Saat Merapi erupsi, dia bersama tetangganya mengungsi di wilayah Mertoyudan. Tetapi karena menyadari selama dipengungsian tidak ada pemasukan, ibu dua anak itu nekad pulang ke desanya yang letaknya tinggal delapan kilo meter sampai puncak merapi.
Umi langsung memperoleh pekerjaan dari tetangganya, yakni membersihkan padi dan sayuran yang kotor, akibat disiram hujan abu vulkanik dari Gunung Merapi.
Sartini, menyatakan bosan mengandalkan pemberian petugas di penampungan pengungsi. Ia nekad pulang ke rumahnya di Paten, Dukun, yang letaknya enam kilo meter drai puncak Gunung Merapi.
Perempuan itu mengaku tindakannya dilarang oleh petugas posko, karena Paten termasuk rawan bahaya. Tetapi tekadnya bulat. Karena itu beresiko tidak mendapatkan pemberian bekal logistik saat pulang. "Kabarnya, sisa logistik akan dibagikan setelah masa tanggap darurat berakhir," tuturnya.
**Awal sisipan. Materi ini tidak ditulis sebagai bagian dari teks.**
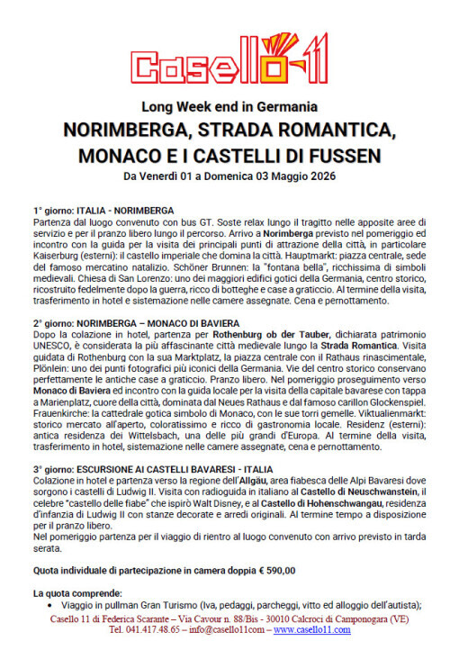 Partenza dal luogo convenuto con bus GT. Soste relax lungo il tragitto nelle apposite aree di servizio e per il pranzo libero lungo il percorso. Arrivo a Norimberga previsto nel pomeriggio ed incontro con la guida per la visita dei principali punti di attrazione della città, in particolare Kaiserburg (esterni): il castello imperiale che domina la città. Hauptmarkt: piazza centrale, sede del famoso mercatino natalizio. Schöner Brunnen: la ''fontana bella'', ricchissima di simboli medievali. Chiesa di San Lorenzo: uno dei maggiori edifici gotici della Germania, centro storico, ricostruito fedelmente dopo la guerra, ricco di botteghe e case a graticcio. Al termine della visita, trasferimento in hotel e sistemazione nelle camere assegnate. Cena e pernottamento.

Seperti diberitakan kemarin, masa tanggap darurat diperpanjang dua minggu ke depan.
Yang dilakukan Sartini, membersihkan rumahnya. Kemudian menengok kebun cabenya yang rusak parah dan tak bisa dipanen sedikitpun. Akhirnya dia sekeluarga makan seadanya.
Rohani, warga Desa Sengi, Kecamatan Dukun, mengandalkan makan dari pemberian bantuan posko di Dusun Candi Tengah. “Tanaman sayur mayur mati. Tiap hari kami makan mi instan,” katanya.
Sementara itu jumlah warga yang masih bertahan di barak pengungsi, menurut data di Posko Induk Penanggulangan Bencana Kabupaten Magelang, Kamis (25/11), masih 28.074 orang. Sedangkan yang berada di daerah lain, 6.905 orang.